When using --follow an artificial log entry is emitted every ~15 seconds
tools.cluebot3@tools-bastion-15:~$ date; toolforge jobs logs -f cluebot3 Thu Nov 13 15:28:44 UTC 2025 2025-11-13T15:29:00.278526Z [nopod] [nocontainer] No logs received yet for job 'cluebot3', maybe the tool is using filelog or the job name is not correct? Will continue waiting just in case 2025-11-13T15:29:15.283920Z [nopod] [nocontainer] No logs received yet for job 'cluebot3', maybe the tool is using filelog or the job name is not correct? Will continue waiting just in case 2025-11-13T15:29:30.285722Z [nopod] [nocontainer] No logs received yet for job 'cluebot3', maybe the tool is using filelog or the job name is not correct? Will continue waiting just in case
This makes the contents inconsistent to the 'fetch' mode
tools.cluebot3@tools-bastion-15:~$ toolforge jobs logs cluebot3 ERROR: Job 'cluebot3' does not have any logs available
I am currently using the get_raw_lines method to fetch all logs, adding them to a list, until a pre-defined end marker is seen (working around previous issues with logs being dropped).

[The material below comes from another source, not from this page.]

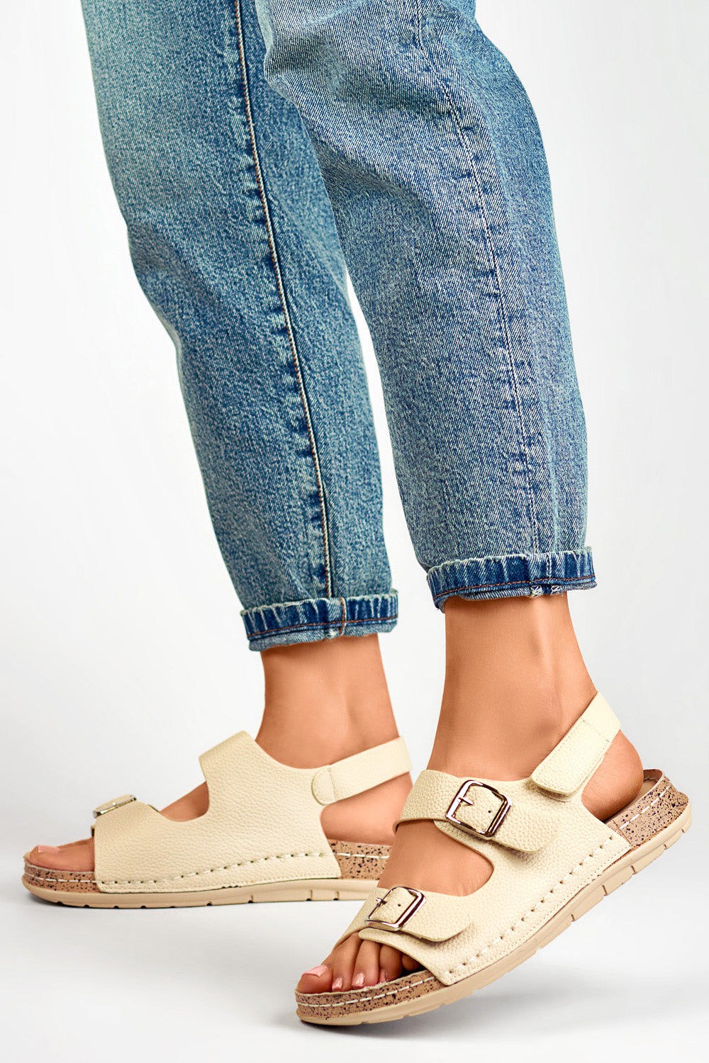 Estas sandalias de mujer confeccionadas en piel ecológica son una excelente opción para las mujeres que aprecian la combinación de estilo y comodidad. La plantilla de cuero natural proporciona una comodidad excepcional y una adaptación perfecta al pie, lo que es especialmente importante en los días cálidos. Las sandalias tienen una plataforma de 3 centímetros, lo que añade una altura sutil y proporciona comodidad al caminar. La puntera abierta les da una sensación de luminosidad y amplitud, perfecta para los días de verano. Gracias al doble cierre, velcro y hebilla, las sandalias no sólo son elegantes, sino también muy funcionales. El velcro permite ponerse y quitarse el zapato de forma rápida y cómoda, mientras que la hebilla le permite ajustar con precisión el zapato a su pie. Estas elegantes sandalias son perfectas tanto para el día a día como para ocasiones más formales, y constituyen un complemento elegante y cómodo para cualquier armario.

This requires a lot of calls to the logging endpoint and would be better served by the streaming endpoint, however the streaming endpoint pollutes the job output, which is persisted for the run (e.g. https://cluebotng-trainer.toolforge.org/Original%20Testing%20Training%20Set%20-%20Old%20Triplet/2025-08-30%2023:13:04/logs/bayes-train.log)
These can be filtered out by the pod and container fields being known strings, however those are are really 'internal' identifiers. Having an additional field to identify the contents is a 'response message' (to use the same name as what is used elsewhere) rather than a log entry would likely be better.